В следующем коридоре немцев встретили автоматным огнем. Полетели ручные гранаты, автоматные выстрелы смолкли. Хлопнула железная дверь. Жестокая игра повторилась. Так она продолжалась час за часом, по мере того как бой приближался к мозгу крепости - командному пункту. За боем в форте "Максим Горький" пристально следили в Севастополе, в штабе вице-адмирала Октябрьского, поблизости от порта. Офицер-радист лейтенант Кузнецов сидел у рации и слушал.

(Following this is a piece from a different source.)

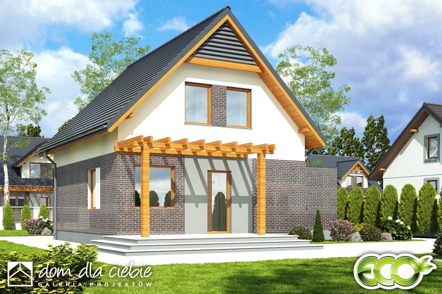 Mały dom jednorodzinny o nowoczesnym charakterze, z prostym dwuspadowym dachem, wykończony okładziną klinkierową. Ze względu na niewielkie wymiary nadaje się na małe, wąskie działki (przenosząc okno w kuchni na tylną ścianę domu zyskujemy dodatkowy metr). Na parterze znajduje się salon z wydzieloną częścią wypoczynkową i jadalną, połączony z niewielką kuchnią. Do kuchni przylega spiżarnia. Taras zacieniony jest drewnianą pergolą, a wejście do domu praktycznym, nowoczesnym zadaszeniem. Na parterze przewidziano również pokój/gabinet oraz niewielką łazienkę, z wydzielonym miejscem na piec c.o. Na poddaszu znajdują się 3 przytulne sypialnie oraz łazienka. Garaż z płaskim dachem dobudowany z boku budynku. Projekt należy do serii Eco – małych, prostych konstrukcyjnie domów, ekonomicznych w budowie i użytkowaniu. ...Sprawdź inne nasze projekty domów. Zapraszamy!
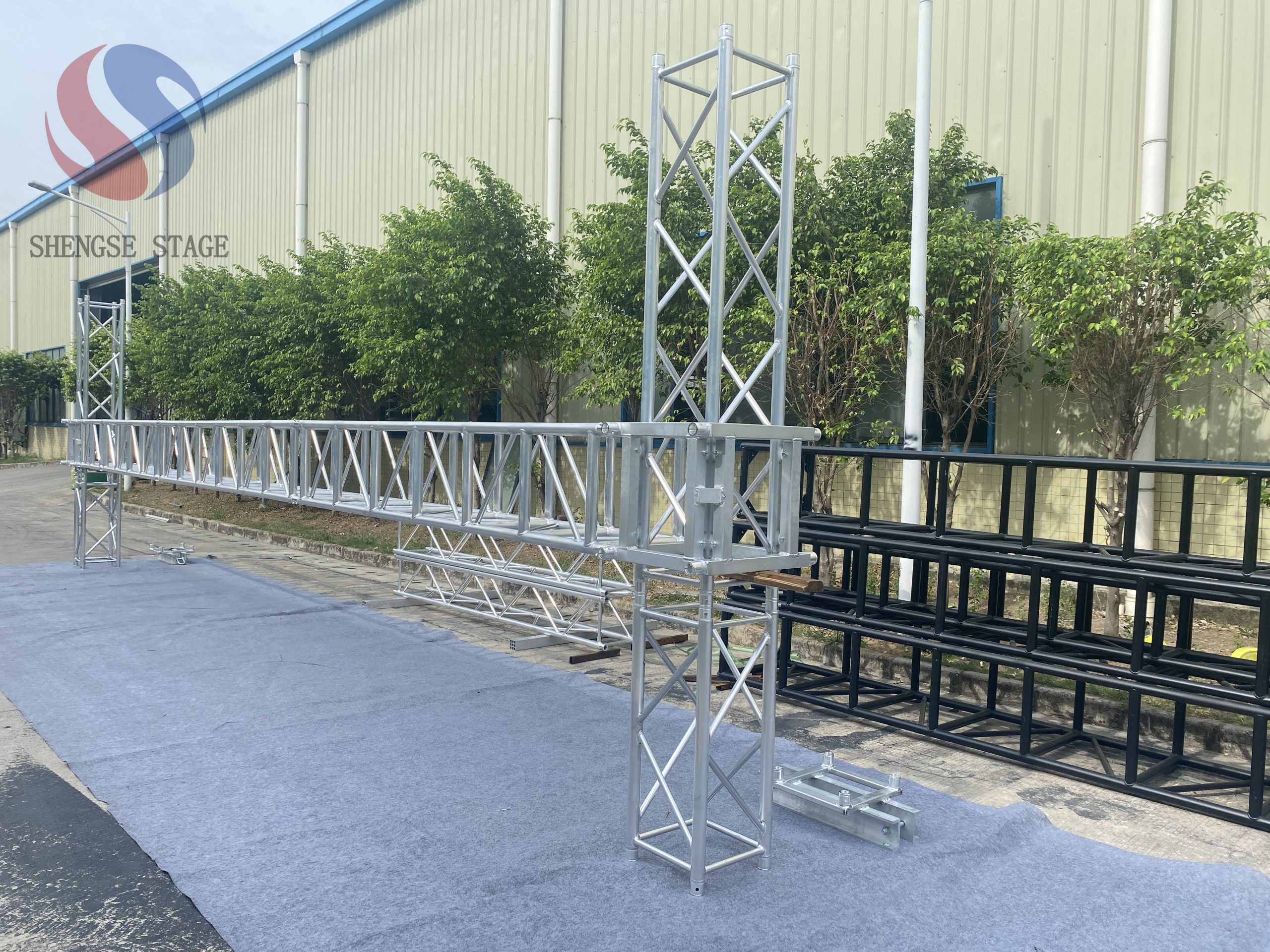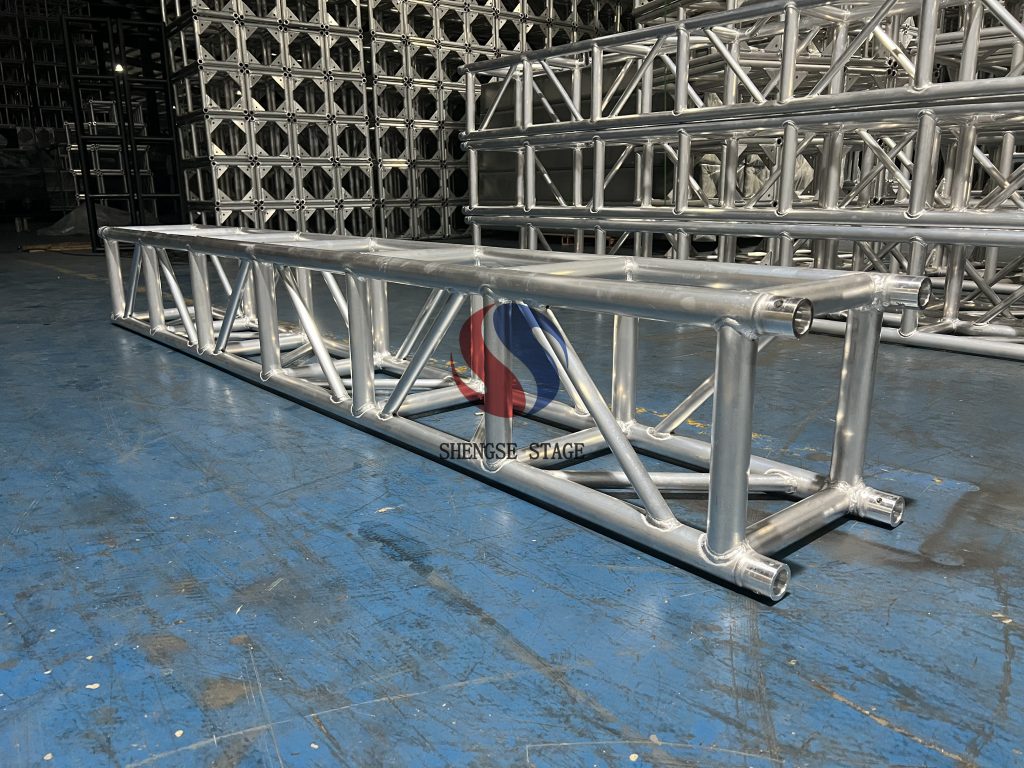 SHENGSESOARSTAGE offers a wide range of trusses with various dimensions and weight-bearing capacities for the event and entertainment industry. Our high-quality aluminum trusses are lightweight yet sturdy, making them perfect for indoor and outdoor events. With our cutting-edge technology and continuous product innovation, we can customize trusses to meet specific project requirements, ensuring safe and reliable structures for all types of events.

Каждые полчаса с "Максима Горького" поступали сообщения. Приказ адмирала командирам и комиссарам был прост: "Оборона до последнего человека".

Поступило сообщение. Кузнецов принял его и передал:

– Нас осталось сорок шесть. Немцы барабанят по нашей бронированной двери и требуют сдаваться. Дважды мы открывали смотровой люк и стреляли в них. Теперь это больше невозможно.

Через полчаса пришло новое сообщение: "Нас осталось двадцать два. Готовимся подорвать себя. Сообщений больше не будет. Прощайте".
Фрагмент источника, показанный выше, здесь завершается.